Exact copy, pictures excluded: please retype the lines from the start of the material through the line containing "Ingrédients: farine de", both ends included, and nothing more.

============================================================

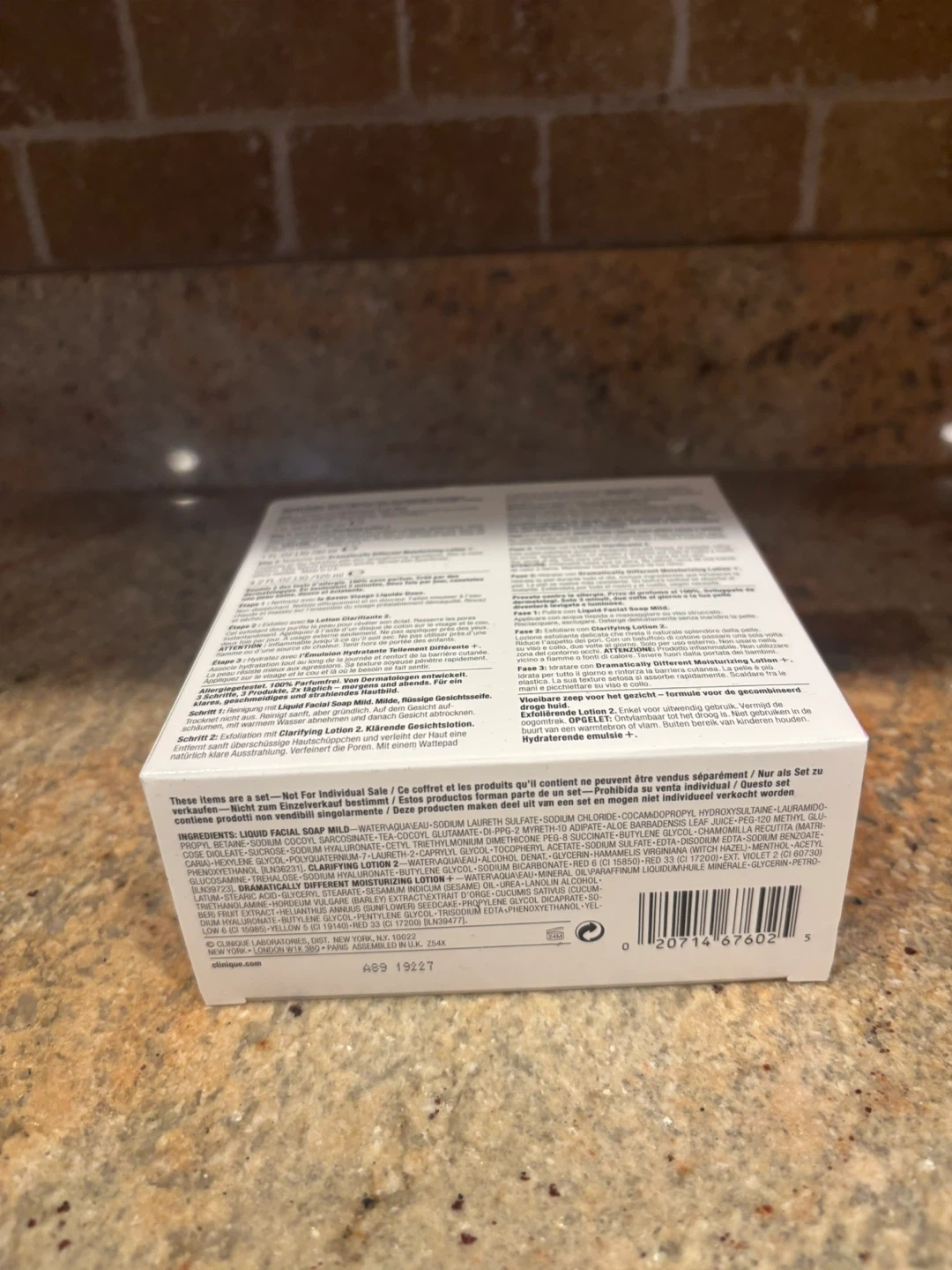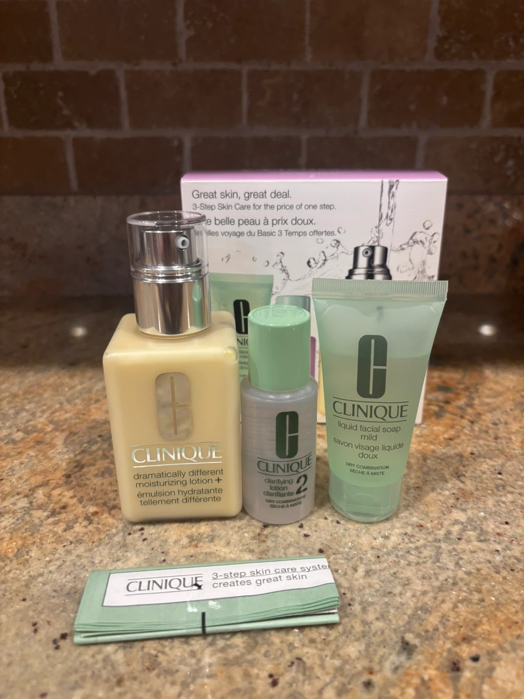 This 3-Step Skin Care set includes Clinique Liquid Facial Soap, Clarifying Lotion 2, and Dramatically Different Moisturizing Lotion. It's designed for oily T-zone skin. Great for a basic 3-step routine!
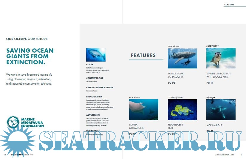 Year: 2023 Language: english Author: MMF Genre: Periodical (magazine) Publisher: Marinemegafauna.org Edition: Issue 07 Format: PDF Quality: eBook Pages count: 35 Description: Featuring: Whale shark ultrasounds, and how this is definitely a thing. International movements in manta rays, and why we’re very excited about it We’ve recruited award-winning photographer Brooke Pyke to share her expert advice on capturing marine life portraits, now that she’s already won everything. :P Go down the rabbit hole of biofluorescence in fish, and why the most camouflaged fish are often the shiniest. Join our latest MMF dive trip, exploring our favorite sites along the Mozambique coast – then go find lions too (hopefully!).
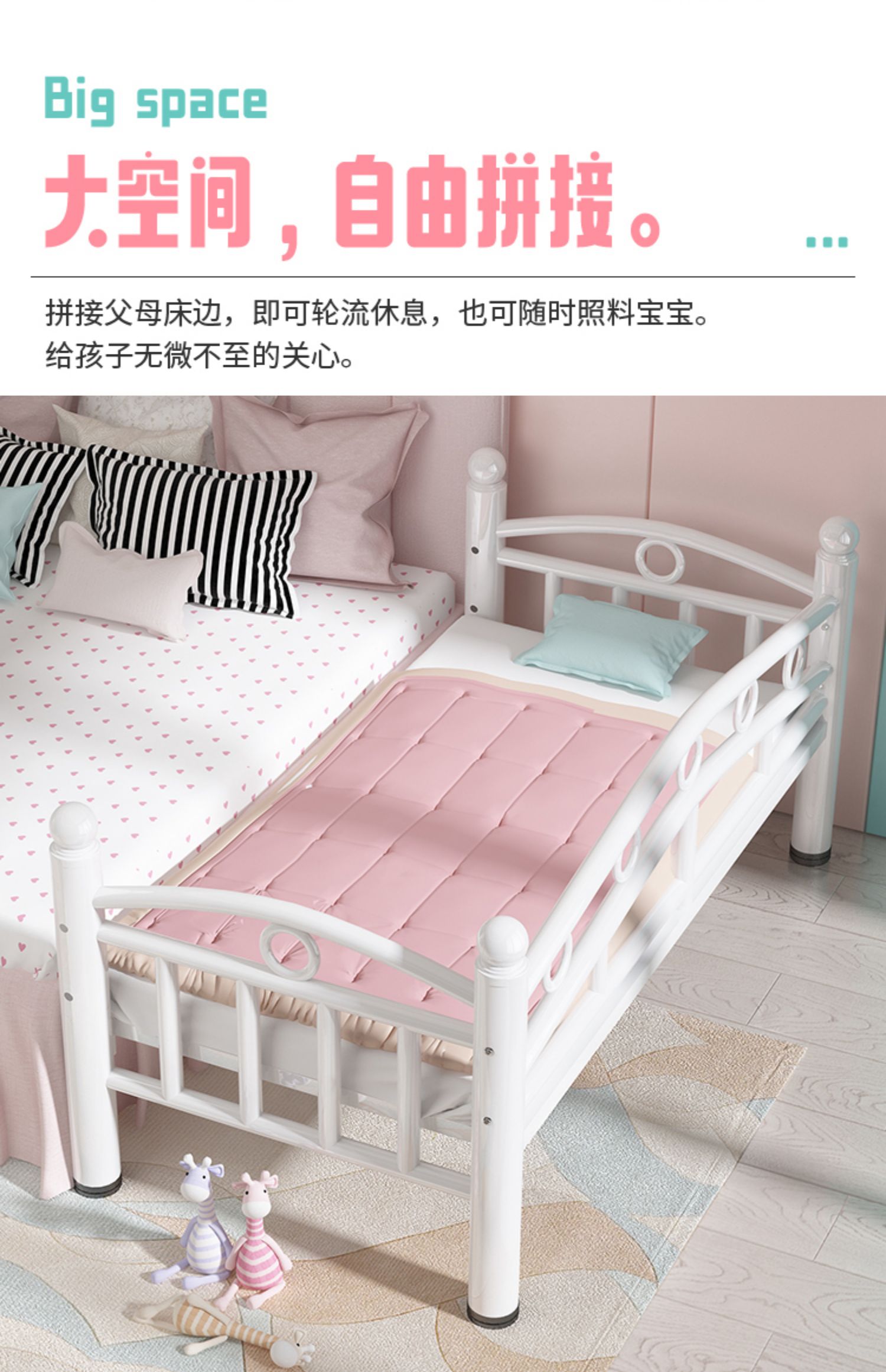어린이 침대, 4면 가드레일, 유아용 침대, 단일 철제 침대, 아기 소년 소녀 침대 옆 침대, 확장 접합 대형 침대스토어 가기
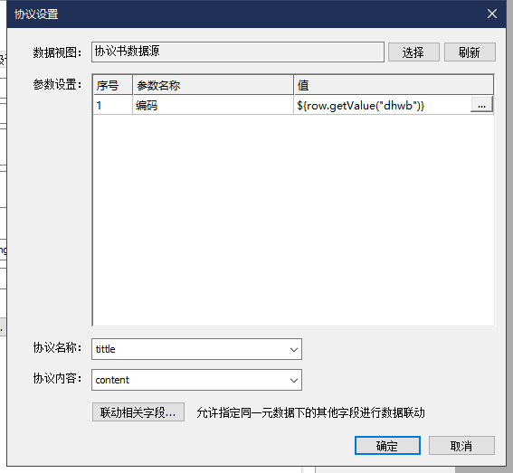 - 若数据视图有参数,可以通过参数设置指定协议标题和内容的取值,如示例中我们将协议编码作为参数,希望协议内容的展示可以根据另一个字段的值变化而变化
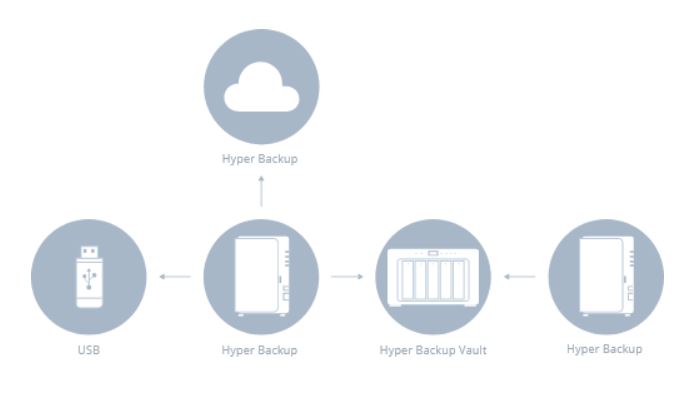 Komplexní řešení zálohování a obnovení posiluje ochranu dat. Cíle záloh lze vytvářet lokálně, na jiném zařízení Synology, na serverech rsync nebo v cílech v cloudu, například ve službách Google Drive nebo Dropbox, v cílech kompatibilních se službou S3 a ve službě Synology C2 Storage, cíli záloh vyhrazeném pro zařízení Synology. Deduplikace, kontroly integrity a technologie přírůstkového přenosu omezují šířky pásma a snižují využití úložiště.
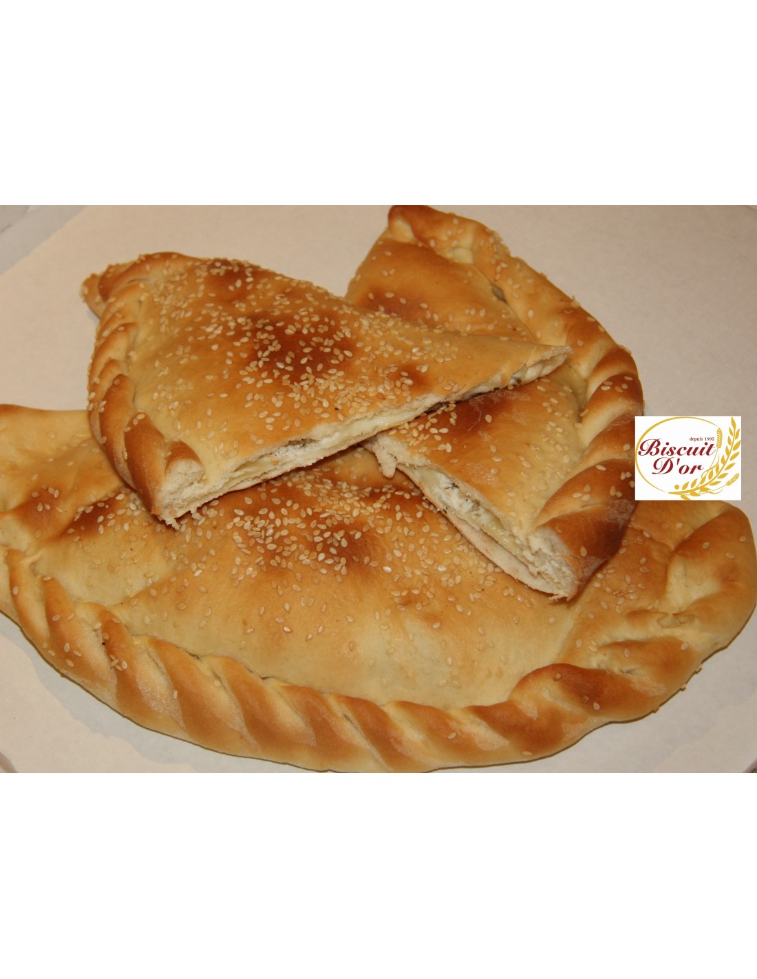Ingrédients: farine de blé, fromage de feta, fromage de mozzarella, sésame.
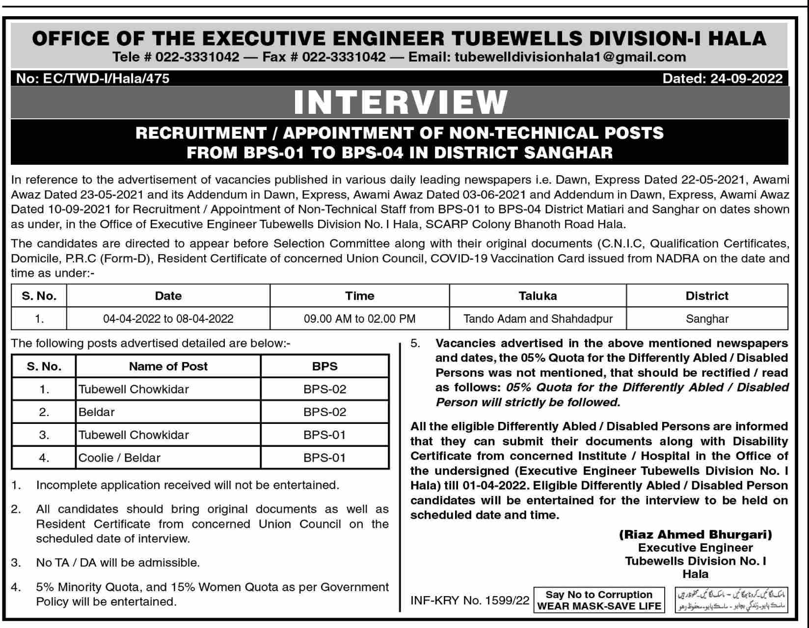 Office of the Executive Engineer Tubewells Division Hyderabad, hyderabad Sindh Pakistan invites applications from eligible candidates for the post of beldar, coolie and chowkidar as per advertisement of March 27, 2022 published in daily Dawn Newspaper. Primary and Middle etc. educational qualification will be preferred.
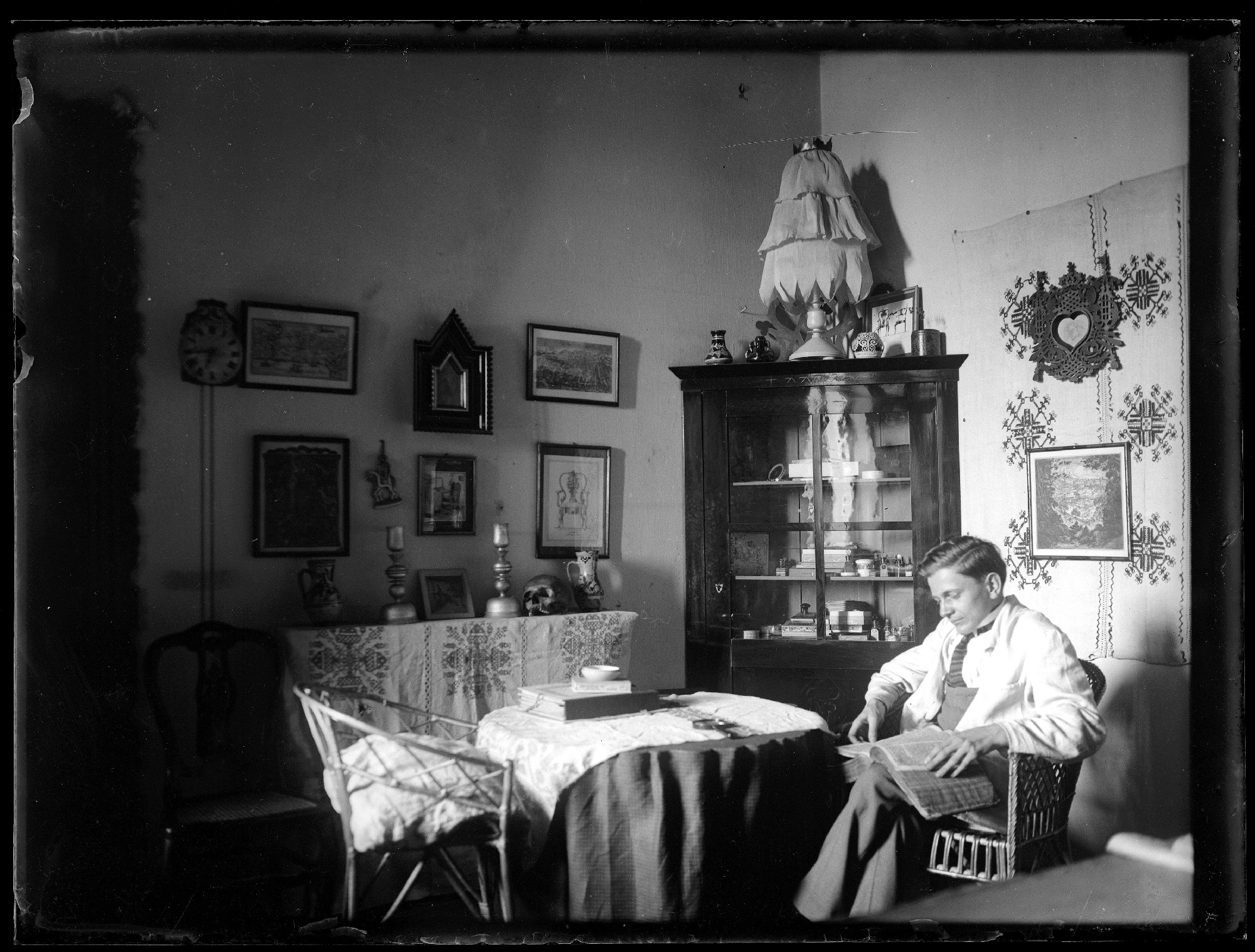Kaesz Gyula az Iparművészeti Múzeum és Iskola szolgálati lakásában, 1920-as évek
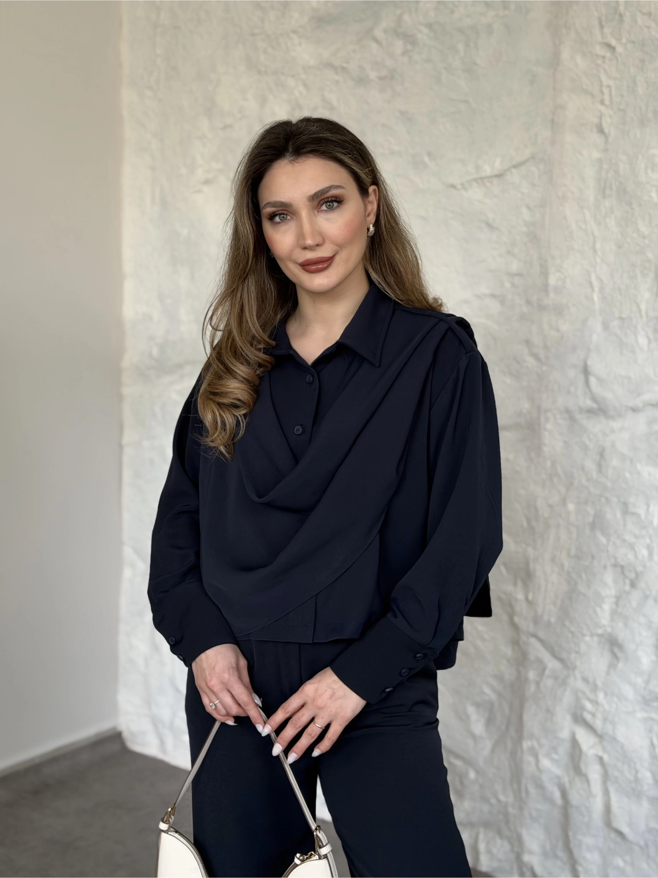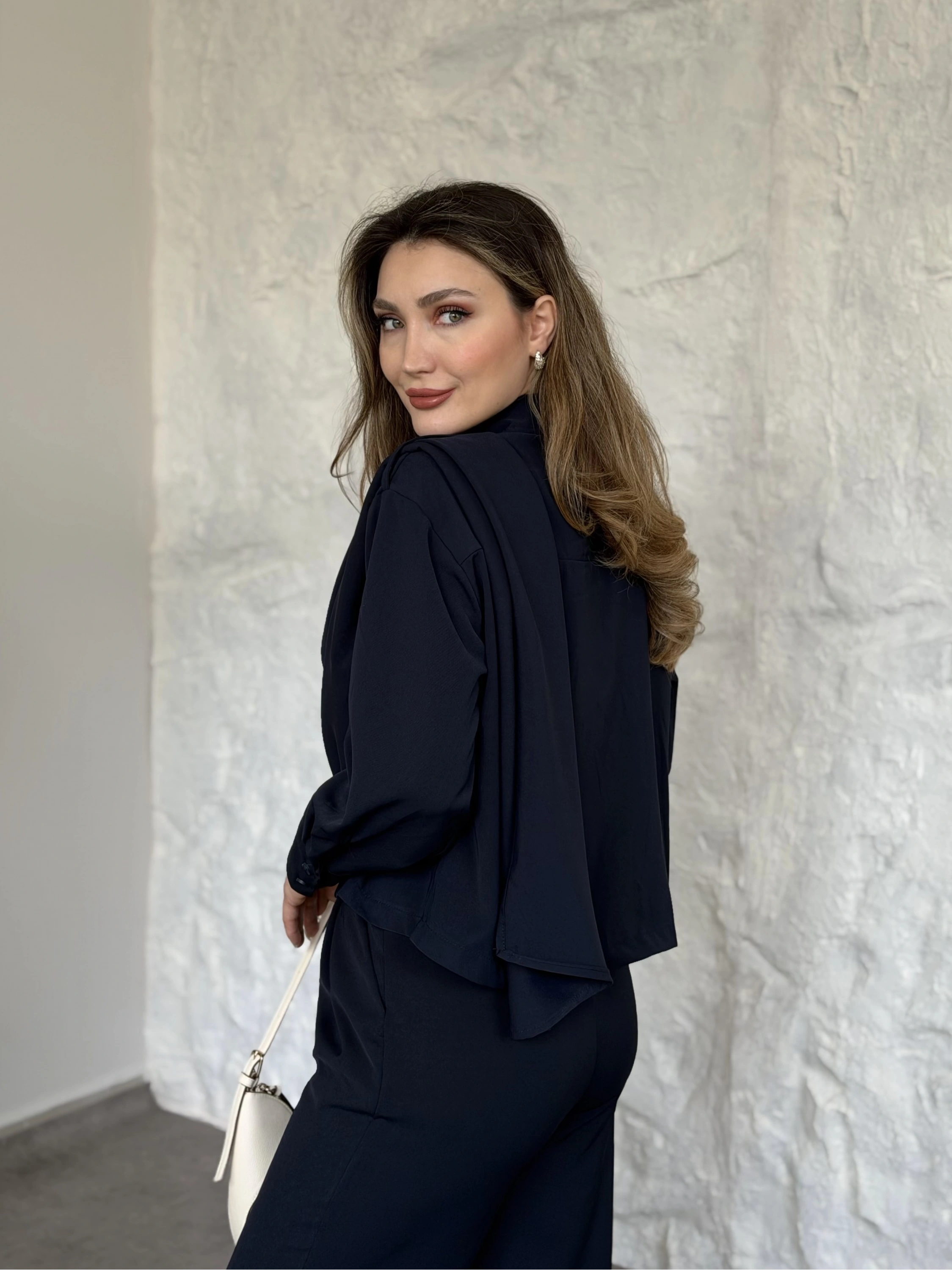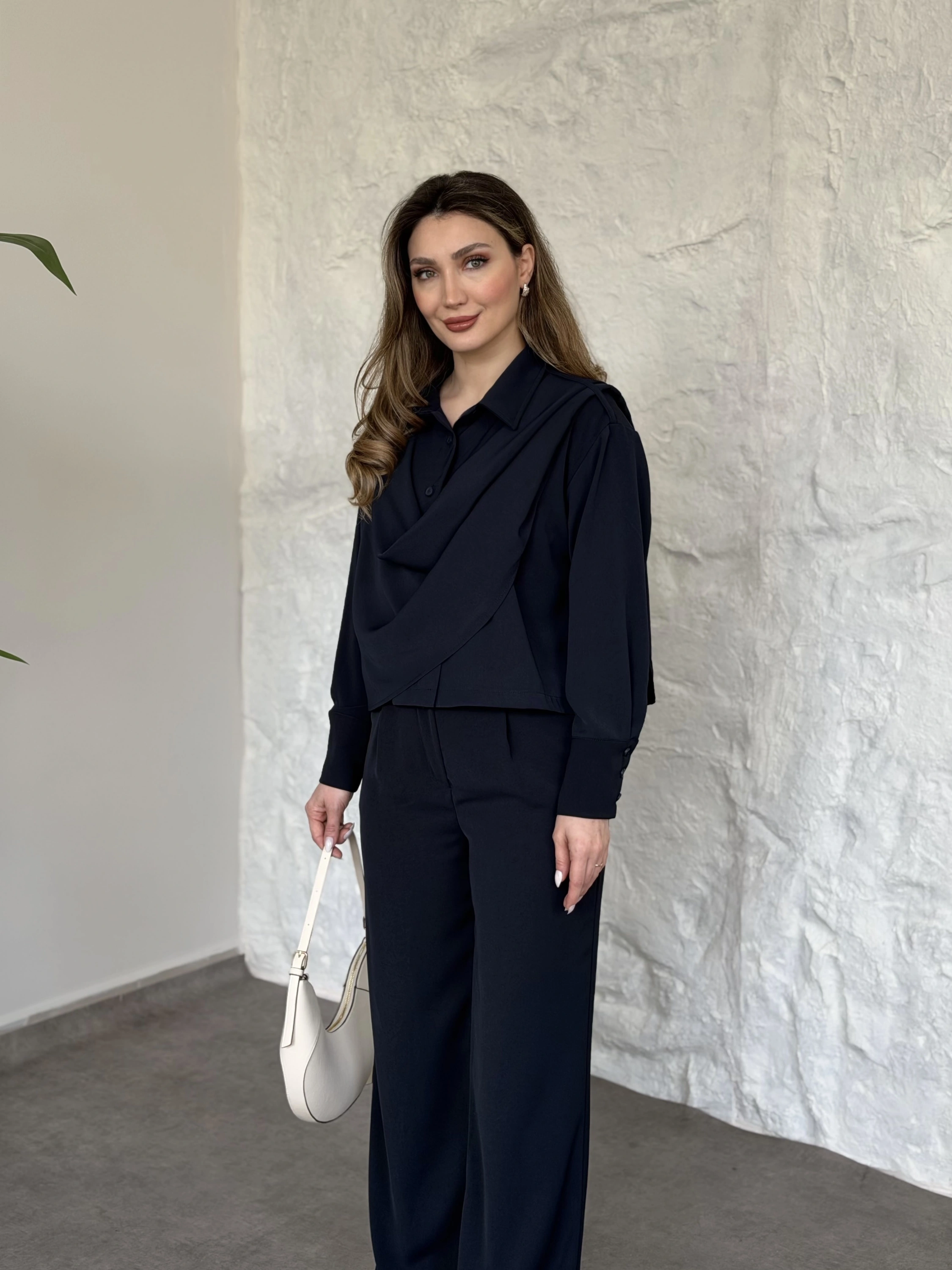 Şal detaylı ikili takım lacivert

============================================================

- _OUTPUT FOR THIS TASK_:
 This 3-Step Skin Care set includes Clinique Liquid Facial Soap, Clarifying Lotion 2, and Dramatically Different Moisturizing Lotion. It's designed for oily T-zone skin. Great for a basic 3-step routine!
 Year: 2023 Language: english Author: MMF Genre: Periodical (magazine) Publisher: Marinemegafauna.org Edition: Issue 07 Format: PDF Quality: eBook Pages count: 35 Description: Featuring: Whale shark ultrasounds, and how this is definitely a thing. International movements in manta rays, and why we’re very excited about it We’ve recruited award-winning photographer Brooke Pyke to share her expert advice on capturing marine life portraits, now that she’s already won everything. :P Go down the rabbit hole of biofluorescence in fish, and why the most camouflaged fish are often the shiniest. Join our latest MMF dive trip, exploring our favorite sites along the Mozambique coast – then go find lions too (hopefully!).
어린이 침대, 4면 가드레일, 유아용 침대, 단일 철제 침대, 아기 소년 소녀 침대 옆 침대, 확장 접합 대형 침대스토어 가기
 - 若数据视图有参数,可以通过参数设置指定协议标题和内容的取值,如示例中我们将协议编码作为参数,希望协议内容的展示可以根据另一个字段的值变化而变化
 Komplexní řešení zálohování a obnovení posiluje ochranu dat. Cíle záloh lze vytvářet lokálně, na jiném zařízení Synology, na serverech rsync nebo v cílech v cloudu, například ve službách Google Drive nebo Dropbox, v cílech kompatibilních se službou S3 a ve službě Synology C2 Storage, cíli záloh vyhrazeném pro zařízení Synology. Deduplikace, kontroly integrity a technologie přírůstkového přenosu omezují šířky pásma a snižují využití úložiště.
Ingrédients: farine de blé, fromage de feta, fromage de mozzarella, sésame.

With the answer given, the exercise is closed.